To add to their humiliation and degraded status as mere property of the white man, slaves were subjected to public auctions where they were ordered to stand, often naked or nearly so, and allow the potential buyers to examine their bodies to ensure their suitability for long-term servitude.  If a slave’s body showed signs of illness, disease, or possible weaknesses, they were passed over as bad investments, unprofitable for the master’s business.  Scar tissue on a slave’s back—the number of scars, whether the scar was old or relatively fresh—became the subject of a mythology employed to determine a slave’s character.   Too many scars indicated a rebellious spirit, whereas having few scars meant that the slave possessed a docile, obedient spirit.  “As they worked their way from inflicted scars to essential character, buyers fixed slaves in a typology of character according to the frequency, intensity, and chronology of the whipping apparent on their backs.”[2] While the slaves stood humiliated, exposed and wondering what kind of master might purchase them on that particular day, the slave buyers paraded themselves before the crowds as augurs who “could read slaves’ backs as encodings of their histories.”[3]
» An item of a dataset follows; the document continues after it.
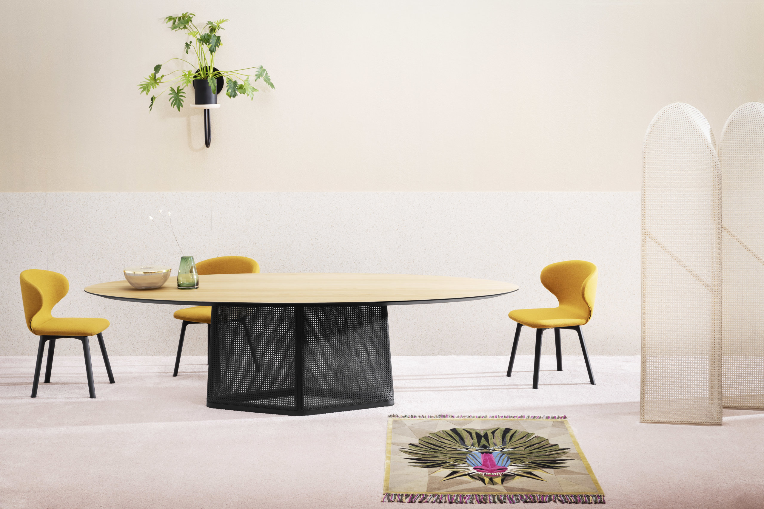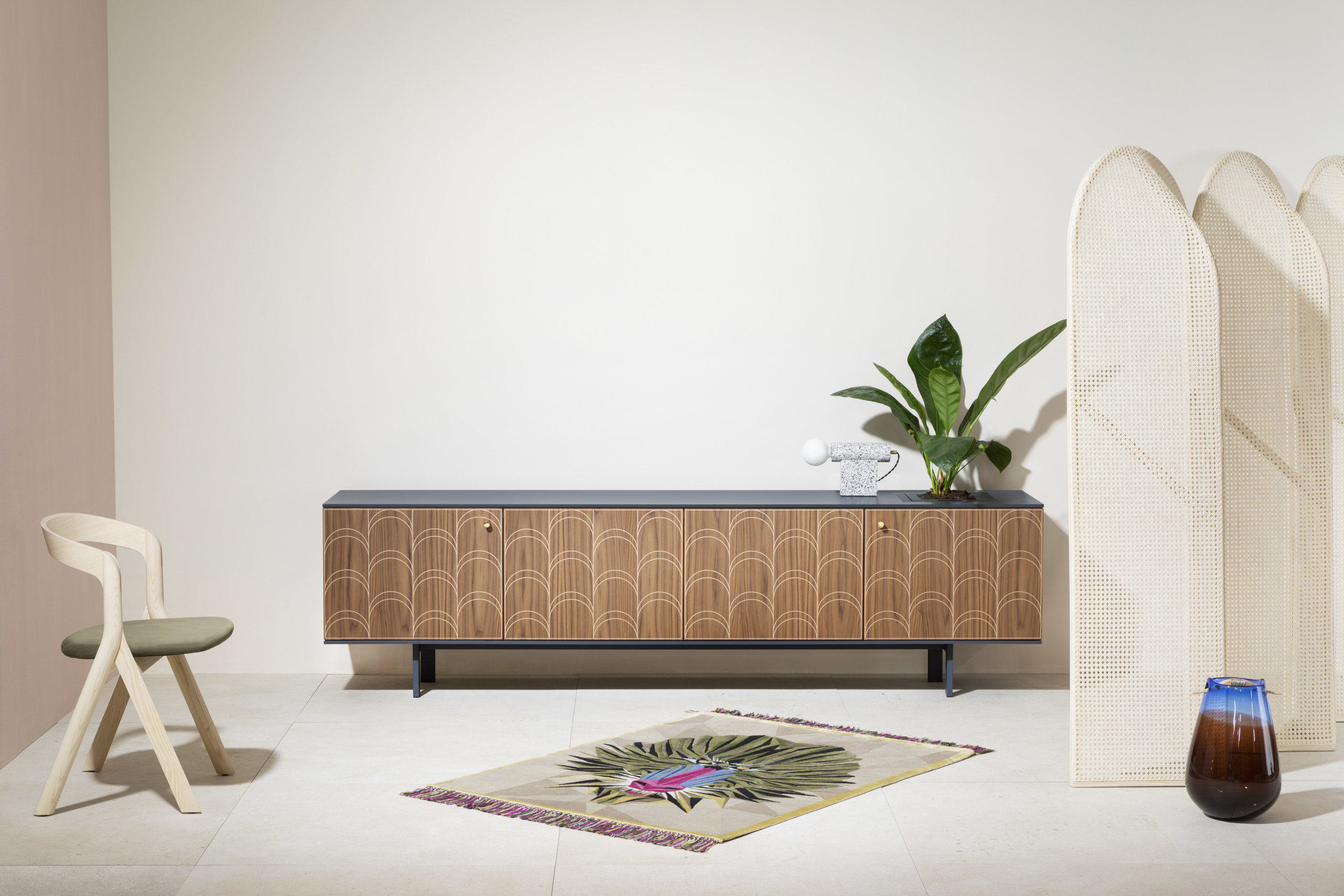 At the same time it was very important to stay connected to the tradition of rug manufacturing techniques, I felt that going back to the concept of the tapestry (arazzo) which was used in the past to tell stories and legends of families and religions was the best way to stay connected to tradition in a contemporary way, like if this collection was supposed to be hanged in a palace salon during a dancing evening. The fringe is a must have that completes the balance between colors and natural elements. "

Slaves on the Auction Block Undeniably, the United States has come a long way from the days of chattel slavery, and we can be encouraged by the positive strides made in racial relations and equality; yet, it is important to remember whence we came in order to avoid repeating past mistakes and so that we might become critically alert to new manifestations of racism. Here we would do well to heed the words of Frederick Douglass’s 1852 oration, “What to the Slave is the Fourth of July?” Having accepted an invitation to speak to a largely white audience in celebration of Independence Day, Douglass, as master orator and rhetorician, turns to a Psalm of lamentation—a passage with which his audience was thoroughly familiar—and interprets it as analogous to the situation of American slaves.

“By the rivers of Babylon, there we sat down. Yea! we wept when we remembered Zion. We hanged our harps upon the willows in the midst thereof. For there, they that carried us away captive, required of us a song; and they who wasted us required of us mirth, saying, Sing us one of the songs of Zion. How can we sing the Lord’s song in a strange land? If I forget thee, O Jerusalem, let my right hand forget her cunning.  If I do not remember thee, let my tongue cleave to the roof of my mouth” [Psalm 137]. Fellow-citizens, above your national, tumultuous joy, I hear the mournful wail of millions, whose chains, heavy and grievous yesterday, are to-day rendered more intolerable by the jubilant shouts that reach them. […] To forget them, to pass lightly over their wrongs, and to chime in with the popular theme, would be treason most scandalous and shocking, and would make me a reproach before God and the world.[4]

Although chattel slavery and slave auctions are no longer part of America’s daily routine, in what ways do we continue to act as augurs de-coding and constructing the Other?  What kinds of actions can we, as Christians, take to change, subvert, or expose such practices?

 


[1] Douglass, “The Internal Slave Trade,” 436–7.

[2] Walter Johnson, Soul by Soul, 145.

[3] Ibid., 145.

[4] Douglass, “What to the Slave is the Fourth of July?” 431-2.